Activity. Restate all entries exactly. Skip the images.
--*--
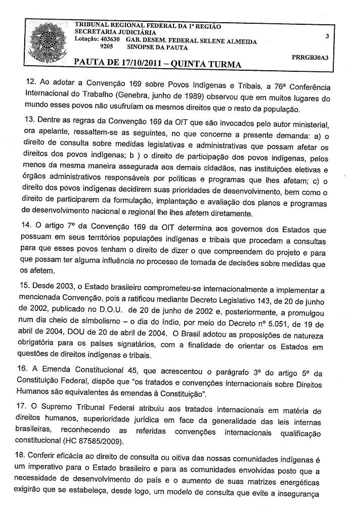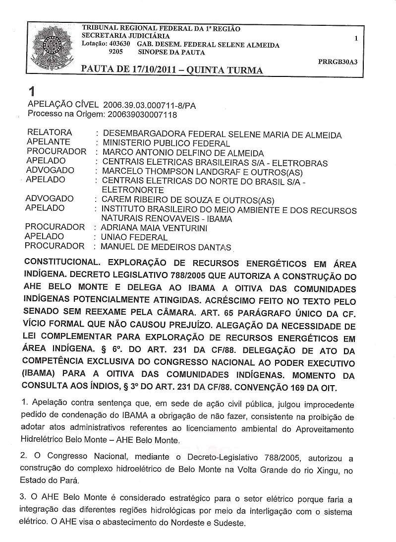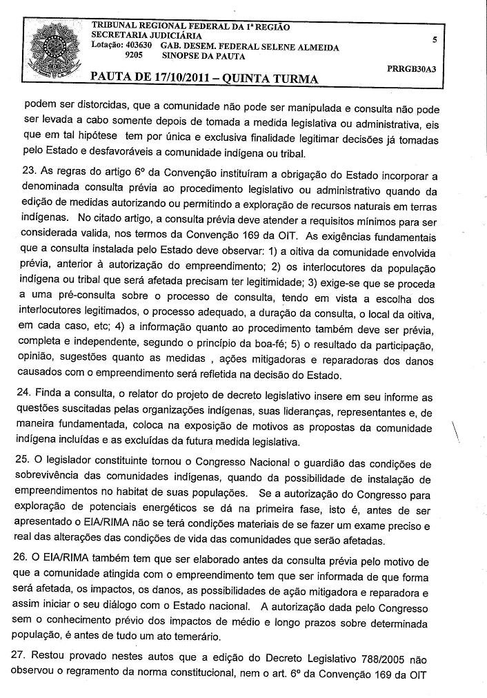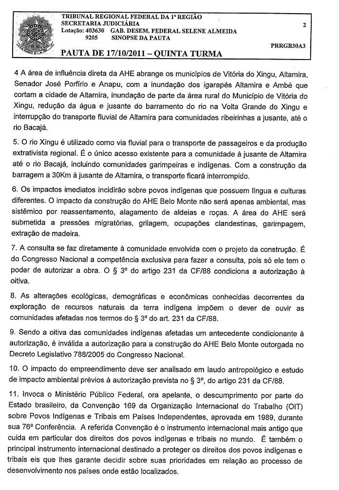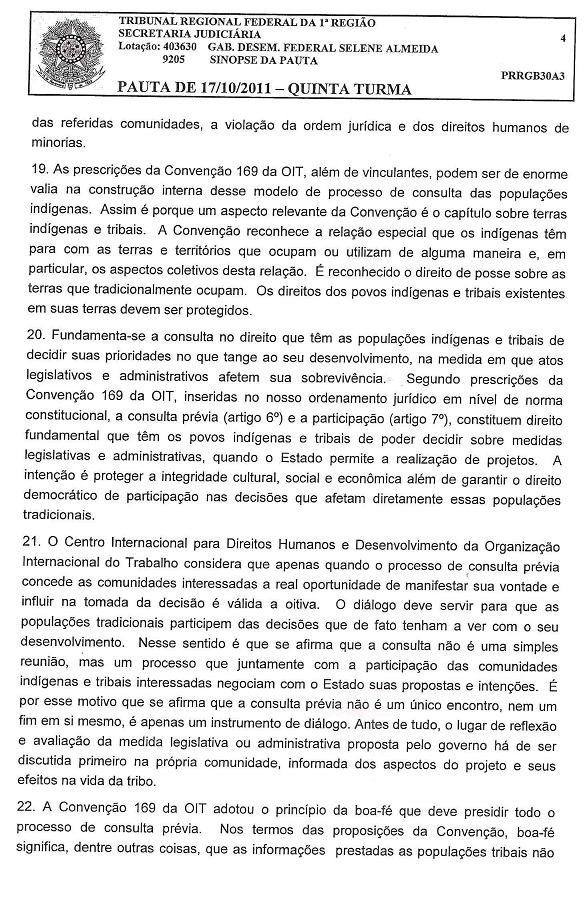 Por campanhaxingu / 18/10/2011 Resumo do voto da desembargadora Selene Almeida no julgamento de 17.10.2011 da apelação da ACP dasoitivas indígenas no TRF1. Para ver os documentos ampliados, clique nas imagens
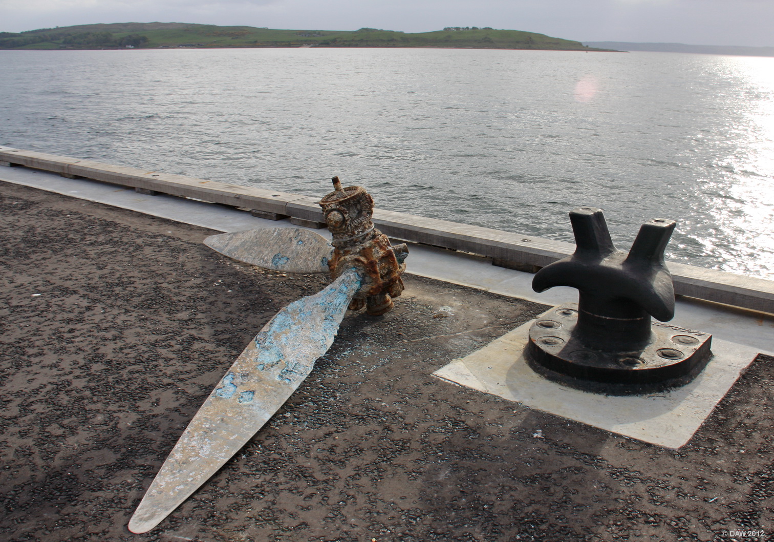 Photographed in May 2010, I can't remember the complete story but I think it was dragged up by a fishing boat. It looks like the three bladed propeller (one blade missing) from a Catalina flying boat. These aircraft were stationed at Largs during WWII.
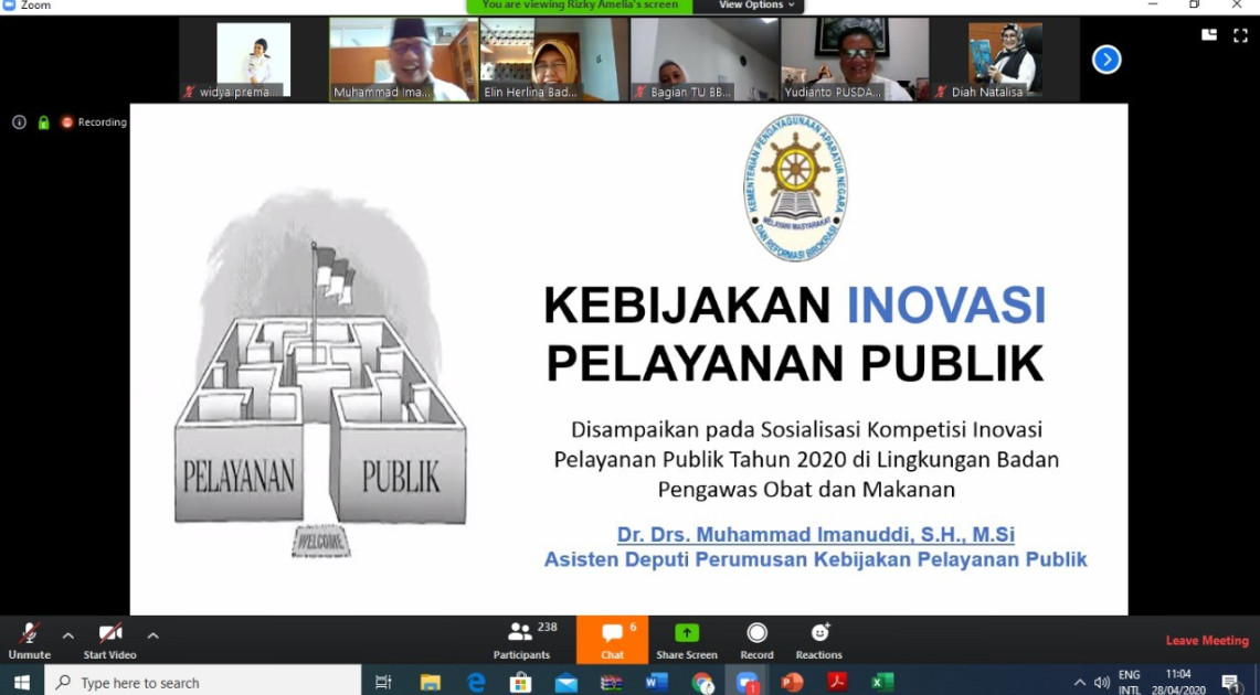 Walaupun pelaksanaan diskusi melalui video conference, antusias peserta Badan POM dalam mengikuti sosialisasi sangat besar terlihat. Sebagai penutup, Plt. Sekretaris Utama menyampaikan bahwa pengajuan inovasi kepada aplikasi Sinovik harus sebelum deadline yaitu 10 Mei 2020 dan diharapkan keikutsertaan tahun ini Badan POM dapat menjadi Top 99 dalam ajang KIPP 2020.
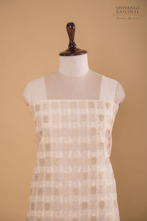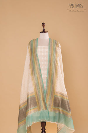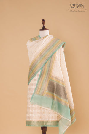 Handwoven suit piece in chanderi woven in chaukdi jaal buta kurta accompanied with a buti dupatta.
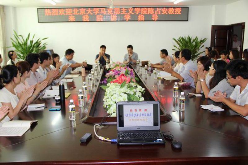 9月21日下午,中央马克思主义理论工程课题组首席专家、国务院学位委员会马克思主义理论学科评议组召集人、教肓部社会科学委员会学部召集人、教育部思政课教学指导委员会副主任委员、北京大学马克思主义学院原院长陈占安教授来我院讲学并指导工作。李德芳院长、院教学指导委员会成员、部分教师以及全体在校研究生参加了报告会。校党委陈封椿副书记在会后与陈占安教授进行了座谈。
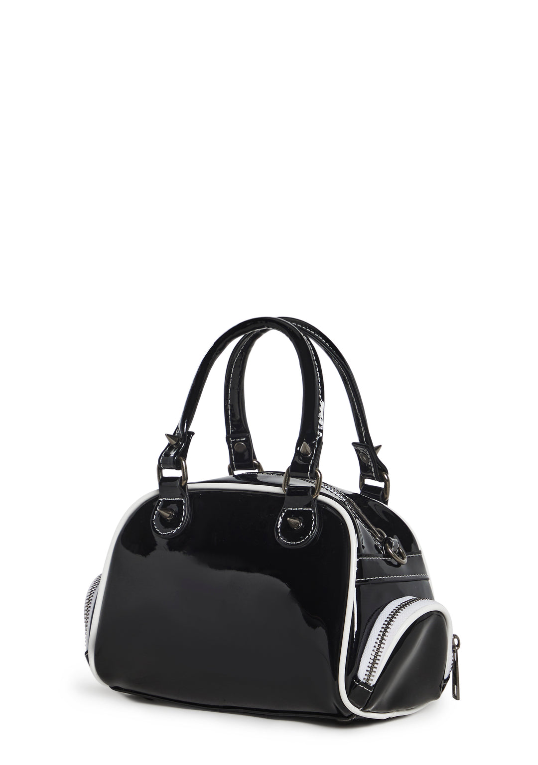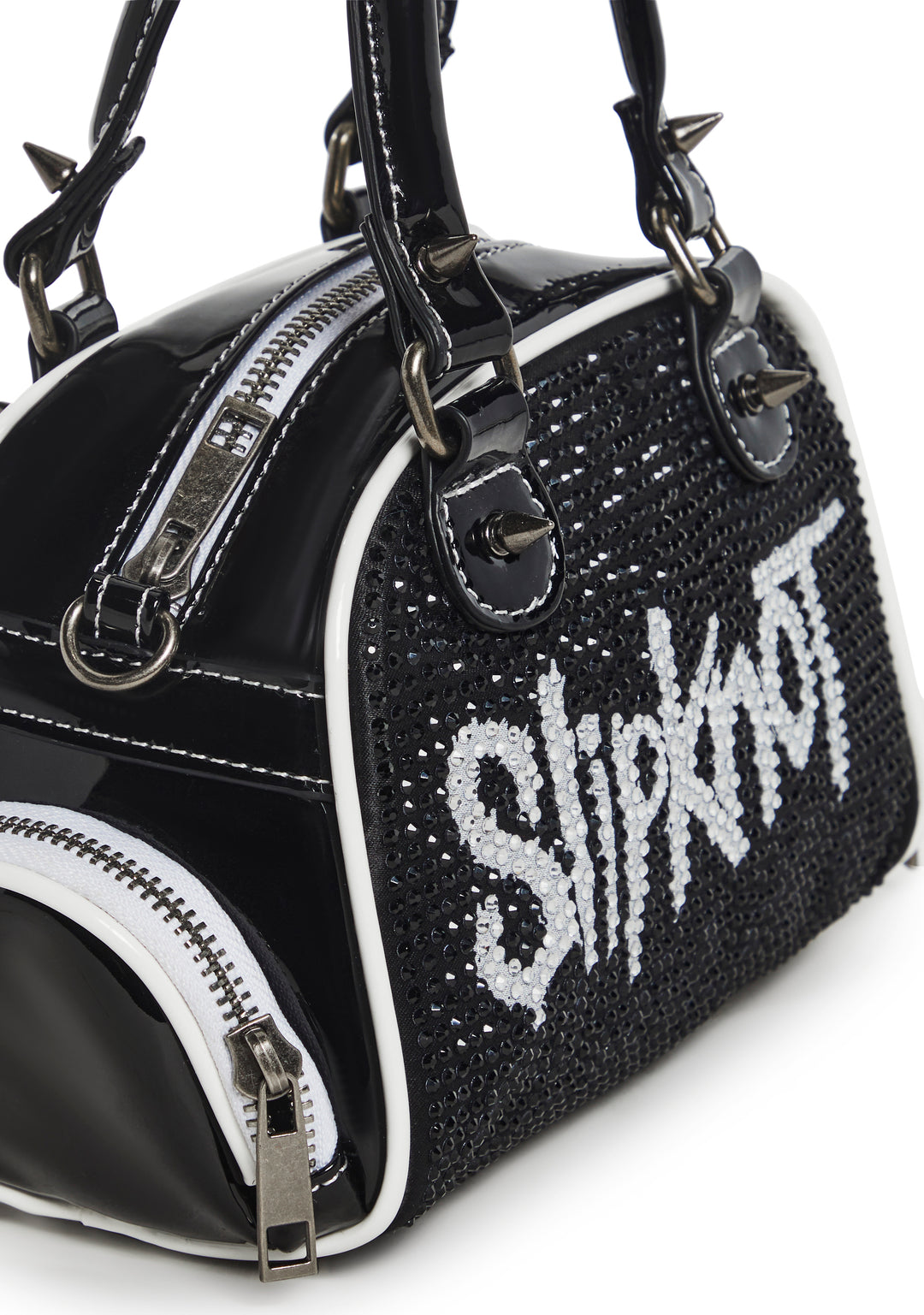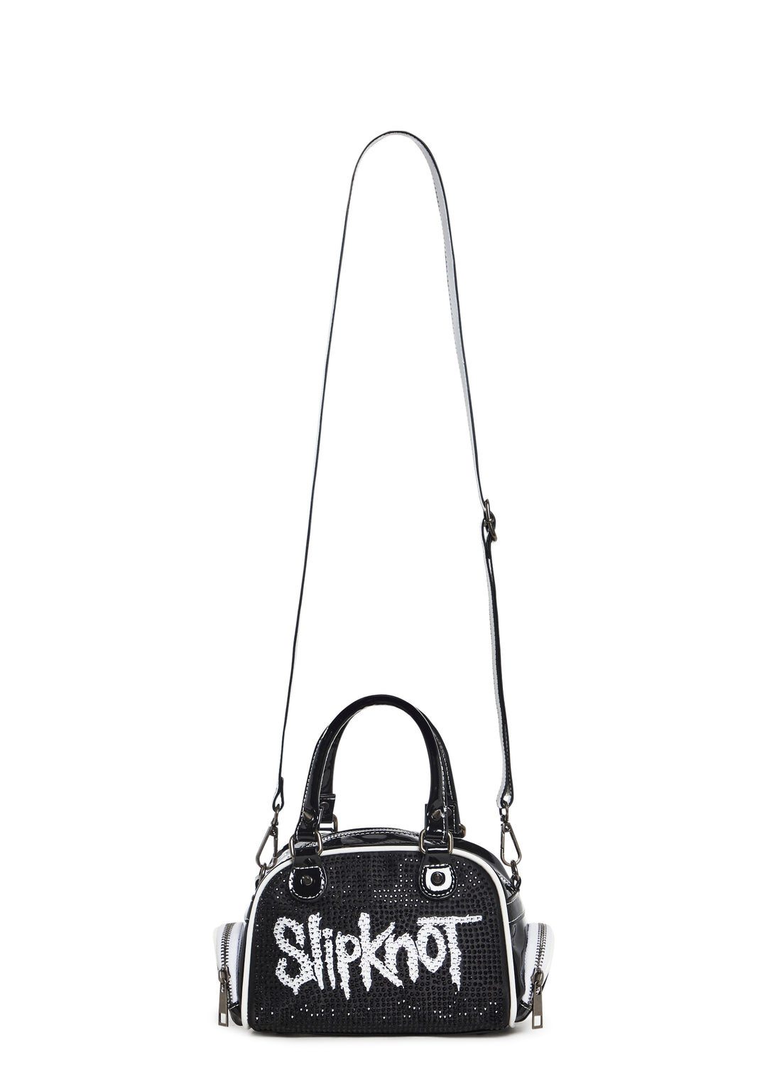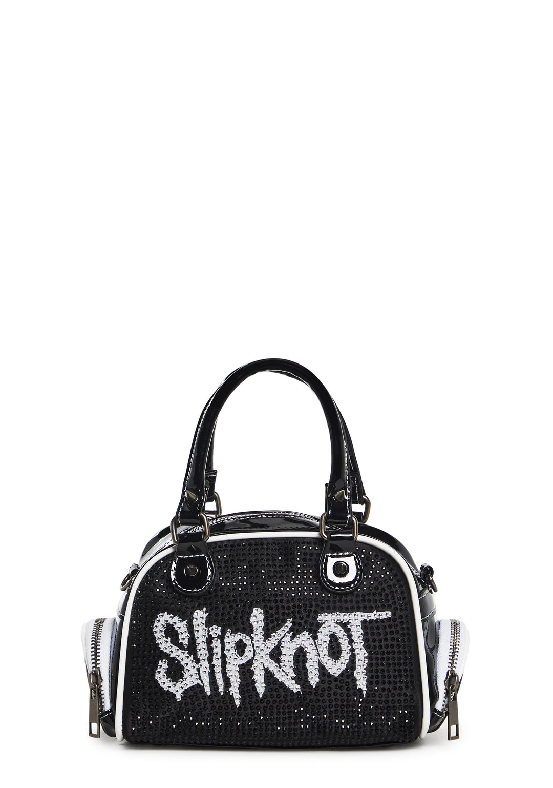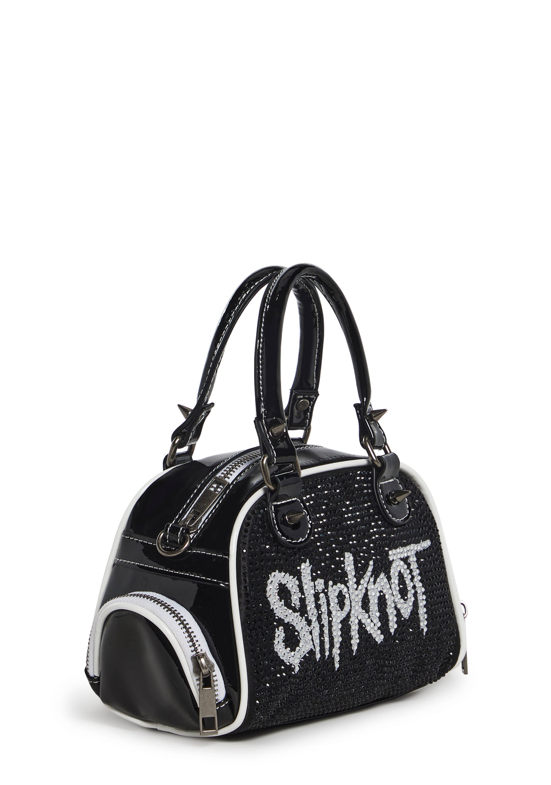 cuz you??ve got no time to lose. This bowler bag has a patent vegan leather construction with encrusted rhinestones and the Slipknot band logo on the front, top handles, a removable shoulder strap, metal spike detailing, two zippered side pockets, and a top zipper closure.
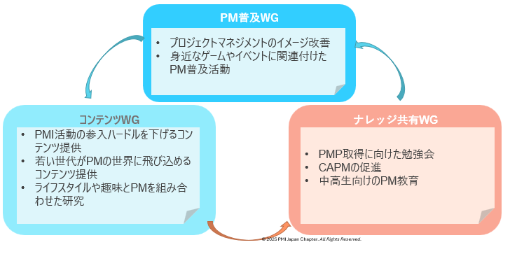 「はじめてのPM研」では、現在3つのワーキンググループ(WG)に分かれて活動しており、それぞれのグループが連携しながら、PMの理解を深め、学びやすく、成長しやすい場づくりを目指しています。
--*--
Task response.
 Por campanhaxingu / 18/10/2011 Resumo do voto da desembargadora Selene Almeida no julgamento de 17.10.2011 da apelação da ACP dasoitivas indígenas no TRF1. Para ver os documentos ampliados, clique nas imagens
 Photographed in May 2010, I can't remember the complete story but I think it was dragged up by a fishing boat. It looks like the three bladed propeller (one blade missing) from a Catalina flying boat. These aircraft were stationed at Largs during WWII.
 Walaupun pelaksanaan diskusi melalui video conference, antusias peserta Badan POM dalam mengikuti sosialisasi sangat besar terlihat. Sebagai penutup, Plt. Sekretaris Utama menyampaikan bahwa pengajuan inovasi kepada aplikasi Sinovik harus sebelum deadline yaitu 10 Mei 2020 dan diharapkan keikutsertaan tahun ini Badan POM dapat menjadi Top 99 dalam ajang KIPP 2020.
 Handwoven suit piece in chanderi woven in chaukdi jaal buta kurta accompanied with a buti dupatta.
 9月21日下午,中央马克思主义理论工程课题组首席专家、国务院学位委员会马克思主义理论学科评议组召集人、教肓部社会科学委员会学部召集人、教育部思政课教学指导委员会副主任委员、北京大学马克思主义学院原院长陈占安教授来我院讲学并指导工作。李德芳院长、院教学指导委员会成员、部分教师以及全体在校研究生参加了报告会。校党委陈封椿副书记在会后与陈占安教授进行了座谈。
 cuz you??ve got no time to lose. This bowler bag has a patent vegan leather construction with encrusted rhinestones and the Slipknot band logo on the front, top handles, a removable shoulder strap, metal spike detailing, two zippered side pockets, and a top zipper closure.
 「はじめてのPM研」では、現在3つのワーキンググループ(WG)に分かれて活動しており、それぞれのグループが連携しながら、PMの理解を深め、学びやすく、成長しやすい場づくりを目指しています。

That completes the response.